By Christopher Lewis
Christopher Lewis has been trading Forex and has over 20 years experience in financial markets. Chris has been a regular contributor to Daily Forex since the early days of the site. He writes about Forex for several online publications, including FX Empire, Investing.com, and his own site, aptly named The Trader Guy. Chris favours technical analysis methods to identify his trades and likes to trade equity indices and commodities as well as Forex. He favours a longer-term trading style, and his trades often last for days or weeks.

The EUR/USD has rallied significantly during the trading session on Tuesday to show signs of life again, testing a major downtrend line. By doing so, the market looks as if it is trying to break out, but there’s no real reason to believe that the Euro is the place to be at the moment. After all, the European Union is nowhere near securing energy for the year, and of course the Federal Reserve remains tight.

However, hope burns eternal on Wall Street that the Federal Reserve will come and save them, so they continue to push the narrative that the Fed is going to “pivot soon.” The Federal Reserve has done everything you can to tell Wall Street that it’s not going to, but for some reason they don’t want to listen. The market tries to push the Federal Reserve into doing something, and then the Federal Reserve stands its ground, causing the markets to crash again. We’ve seen this multiple times, and this is mainly on the hands of American traders, because we see most of the nonsense during the New York session.

The 50-Day EMA sits in the middle of the candlestick, and if we were to break down below there, then I think we could get a little bit of downward momentum. Even if we do break above the top of the downtrend line, the great thing about downtrend lines and trendlines in general, is that you can redraw them as many times as you like and make one of them fit the narrative.

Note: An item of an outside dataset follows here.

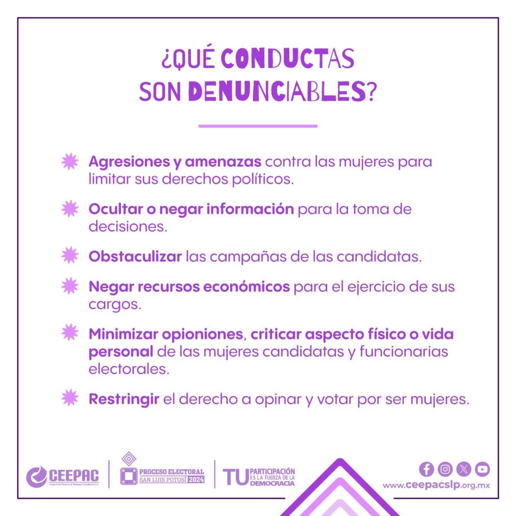El Consejo Estatal Electoral y de Participación Ciudadana (CEEPAC) está comprometido con la identificación, sanción y erradicación de la VPMRG durante este Proceso Electoral 2024 donde se renovarán 58 ayuntamientos y 27 diputaciones, y así garantizar el principio constitucional del acceso a una vida libre de violencia para las mujeres.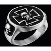 R121 Stainless Steel Iron Cross Skull Biker Ring

In other words, we are still in a downtrend even if we break this downtrend line.

Breaking it down below the bottom of the candlestick opens up quite a bit of selling pressure, and I think at this point in time what we are seeing is more or less going to be thought of as a “relief rally” in a currency that had been oversold.

  • The US dollar has been parabolic against almost everything, so you do need to think that sooner or later the markets would have to adjust.
  • With that being said, I’ll be looking for signs of exhaustion that I can start shorting again, because this is a market that has no business rallying for any significant amount of time.
  • I also believe that parity will have a lot of resistance as well.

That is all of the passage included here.